I need to transform multiple columns in my dataset to new columns based on the values in the original columns multiple times. This means that for the first transformation I use column 1, 2, 3 and if certain conditions are met the output results a new column with a 1 or a 0, for the second transformation I use columns 4, 5, 6 and the output should be a 1 or a 0 also. I have to do this 18 times. I already wrote a function which succesfully does the transformation if I impute the variables manually, but I would like to apply this function to all the desired columns at once. My desired output would be 18 new columns with 0's and 1's.
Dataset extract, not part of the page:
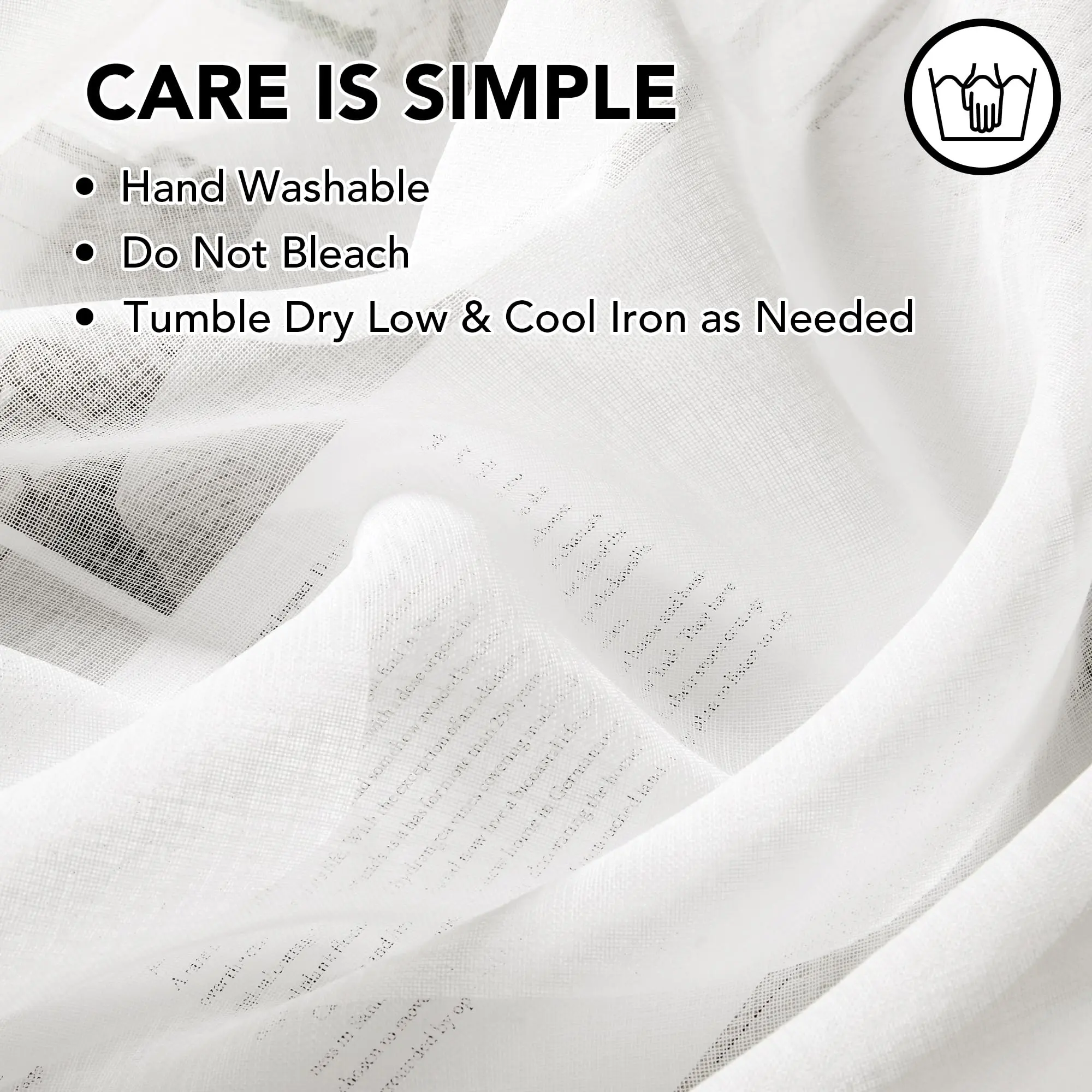 ·CARE INSTRUCTION: To protect the waterproof effect, these enduring sheer curtain panels are hand washable in low temperature water. Do not bleach and tumble dry and low heat ironing only if necessary.
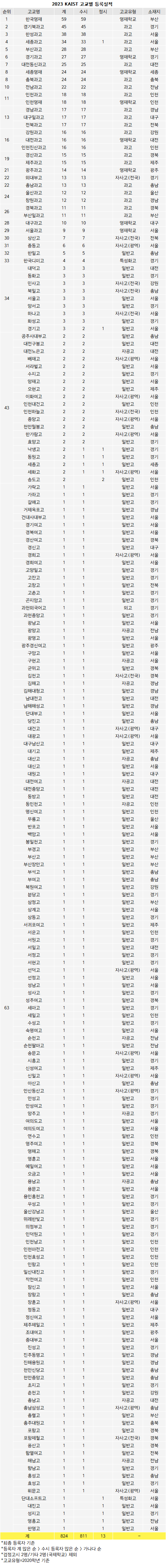 베리타스알파가 KAIST로부터 단독 입수한 자료를 보면 2023학년 KAIST 등록자를 가장 많이 배출한 고교는 2023학년에도 한국영재다. 전년 55명보다도 4명이 늘어난 59명이 등록했으며, 이는 검정고시와 기타 등을 제외한 전체 등록자 824명의 7.2%를 차지하는 비중이다.

Finally I will make a last column which will display a 1 if any of the 18 columns is a 1 and a 0 otherwise.
df <- data.frame(admiss1 = sample(seq(as.Date('1990/01/01'), as.Date('2000/01/01'), by="day"), 12),
admiss2 = sample(seq(as.Date('1990/01/01'), as.Date('2000/01/01'), by="day"), 12),
admiss3 = sample(seq(as.Date('1990/01/01'), as.Date('2000/01/01'), by="day"), 12),
visit1 = sample(seq(as.Date('1995/01/01'), as.Date('1996/01/01'), by="day"), 12),
visit2 = sample(seq(as.Date('1997/01/01'), as.Date('1998/01/01'), by="day"), 12),
reason1 = sample(3,12, replace = T),
reason2 = sample(3,12, replace = T),
reason3 = sample(3,12, replace = T))
df$discharge1 <- df$admiss1 + 10
df$discharge2 <- df$admiss2 + 10
df$discharge3 <- df$admiss3 + 10
#every discharge date is 10 days after the admission date for the sake of this example
#now I have the following dataframe
#for the sake of it I included only 3 dates and reasons(instead of 18)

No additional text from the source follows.